Hacker News new | ask | show | jobs
by VladRussian2 4582 days ago
>The log writes don't saturate the array itself--but the log file has a limit to how many blocks can be appended--even on fast arrays

yes, the issue usually isn't the transaction log append speed. Instead, it happens too frequently that the log is configured to be too small. A log file switch causes a flush of accumulated modified datablocks of tables and indexes [buffer cache flush in Oracle parlance] from RAM to disk. With small log file size, the flush happens too frequently for too small amounts of modified data - this is where GP mentioned random IO bites in the neck.

1 comments

I think you're talking about an insert buffer, not a transaction log, and in that case, no matter how big your insert buffer is, it will eventually saturate and you'll end up hitting the performance cliff of the B-tree.
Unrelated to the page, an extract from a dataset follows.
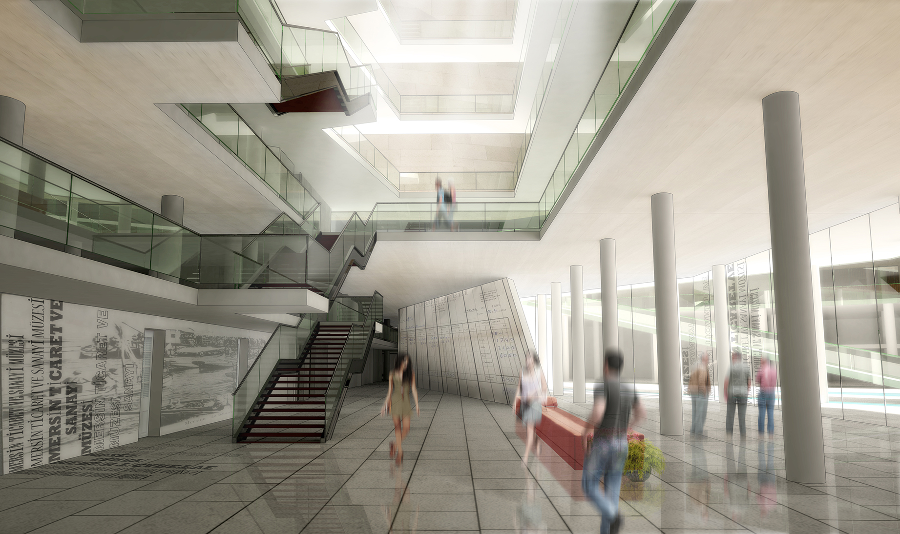 Projenin ana fikri göçük, alt avlu, üst avlu ve kısmen bunun çevresinde gelişen kütle ve çevre yoludur. Yaya yolu hariç tüm yollara sırt çevirerek kendi içinde düşünülen serin, sessiz, temiz havalı, yansıma havuzları ve yeşil peyzajı olan, alt ve üst avlulara yönelmiştir. 2 ayrı kotta çözülen avlu, bir amfi ile birbirine bağlanmıştır. Bu amfide açık hava gösterileri konser sinema vb. etkinlikler düzenlenecektir. Amfinin çevresinde boylu boyunca kütle uzanır. Böylece dışarıya kapalı korunaklı (kapalı salon gibi) bir iç mekan elde edilir. Amfi, müze konferans salonunun da bulunduğu sosyal aksın üzerinde yer alır ve amfi ile beraber alt avluyu sosyokültürel bir iç mekana dönüştürür.

You really need better data structures (like fractal trees or LSM trees) to get past it.
no, i'm talking about transaction log ("redo log" in Oracle parlance). Switching log files causes checkpoint (ie. flush - it is when the index datablocks changed by the inserts you mention will finally hit the disk )

http://asktom.oracle.com/pls/asktom/f?p=100:11:0::::P11_QUES...

MS and DB2 have similar behavior.

Oh ok, now I see what you're saying, it's still similar to an insert buffer in that case. B-tree behavior is still to blame for this, and if you make your log file bigger it lets you soak up more writes before you need to checkpoint but you'll either have even longer checkpoints eventually, or you'll run out of memory before you have to checkpoint.

We also checkpoint before trimming the log, but our checkpoints are a lot smaller because of write optimization.

>even longer checkpoints

yes, that is the point as big flush instead of many small ones would take either the same or, usually, less time than cumulative time of small flushes because of IO ordering and probability of some writes hitting the same data block.